# Thread: Finding inputs for an equation r(x)=2ln1.8(1.8^x)

1. ## Finding inputs for an equation r(x)=2ln1.8(1.8^x)

I have two questions. The first is rather simple: in any situation where the outputs of a function, f(x), are given, should I naturally think to find the inverse of the equation? For this problem, r(x)= 2ln1.8(1.8^x), I'm given two outputs, r(x)=9.4, r(x)=30. I have several problems like this one on my study sheet, and I am wondering if my natural instinct should be to just find the inverse of the equation. I've heard other students say they just replace r(x) with the output and solve the equation that way, but that seems like it would take slightly longer. I can't actually solve for the inverse or solve for the output in either scenario.

Here's what I've been doing on r(x)=2ln1.8(1.8^x).

1) I use the logarithm property log AB = log A + log B. So, r(x)=2ln1.8 + ln(1.8^x)
2) I move the x. r(x)=2ln1.8 + xln1.8
3) I raise both natural logs to the power of e. r(x)=2*e^ln1.8 + x*e^ln1.8
4) e to the natural log cancels. r(x)=2*1.8 + x*1.8
5) r(x)=3.6+1.8x

Now, at this point can I just invert the equation? y=3.6+1.8x => x=3.6+1.8y => x-3.6=1.8y => x-2=y

I know this can't be right because I've tried plugging in some values and they don't agree with the normal equation. Did I make a mistake as I went through the process of breaking down the original equation?

2. ## Re: Finding inputs for an equation r(x)=2ln1.8(1.8^x)

You made a mistake with step (3) - you can't just raise the ln functions to the power of e; you must do the same to both sides of the equation:

e^(r(x)) = e^(2 ln 1.8 + x ln1.8) = e^(2ln1.8) * e^(x ln 1.8)

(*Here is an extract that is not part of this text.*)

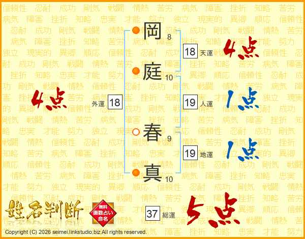 岡庭春真さんの天運は18画の4点!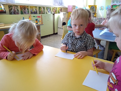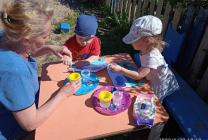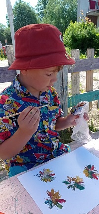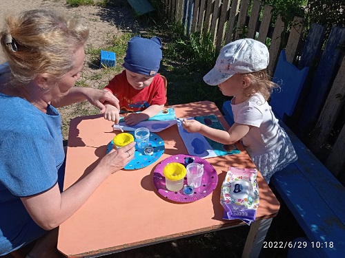 В день веселых красок малыши первой младшей младшей группы "Здоровячки" (воспитатель Блинкова Л.А.) играли в разноцветные игры и рисовали лопатками на песке. Юные художники младшей группы "Семицветик" (воспитатель Артемьева Е.Ю.) рисовали разными материалами: мелками, фломастерами, цветными ручками, акварелью, кинетическим песком, даже пластилином. Работы получились яркие, интересные. Дети и родители могли их рассмотреть на выставках, так же, как и на выставке талантов детей средней группы "Ромашка" (воспитатель Веселова А.Ю.). В нетрадиционной технике рисовали разноцветные узоры ребята старшей группы "Незабудка", используя как штамп макароны (воспитатель Тимофеева З.С.). А ребята подготовительной группы "Рябинка" (воспитатель Ригоева Л.Н.) рисовали сделанными самостоятельно штампами из пакетов, поролона, пробок. Весело играли в народную игру "Краски". Беседовали на тему "Что такое талант". Дома дети с родителями сделали солнышки и перечислили умения детей. А Волнухин Костя показал друзьям свою выставку творческих работ. А в старшей группе "Семицветик" Сысоев Ваня научился читать и прочитал ребятам отрывок из сказки, Нюппиева НАдя и Горохова Арина спели свои любимые песни.

I think it's easier to find the inverse like this:

r = 2 ln (1.8 * 1.8^x) = 2 ln (1.8)^(x+1) = 2(x+1) ln(1.8)
Divide through by 2 ln(1.8): r/(2 ln (1.8)) = x+1
Rearrange to get x by itself: x= r/(2 ln(1.8)) - 1

So if r = 9.4 you have x = 9.4/(2 ln(1.8)) - 1 = 6.996

To check that this is correct, try x=6.996 in the original equation: r = 2 ln(1.8 * 1.8^6.996) = 2 ln(1.8^7.996) = 2 ln(109.9) = 9.4

3. ## Re: Finding inputs for an equation r(x)=2ln1.8(1.8^x)

Originally Posted by ebaines

r = 2 ln (1.8 * 1.8^x) = 2 ln (1.8)^(x+1) = 2(x+1) ln(1.8)
Thanks for your insight, Ebaines. But how did you manipulate the equation to remove the 1.8^x and replace it with (x+1)?

4. ## Re: Finding inputs for an equation r(x)=2ln1.8(1.8^x)

$\displaystyle a^m\times a^n = a^{m+n}$

5. ## Re: Finding inputs for an equation r(x)=2ln1.8(1.8^x)

Oh yeah! There's always a 1 exponent over any number...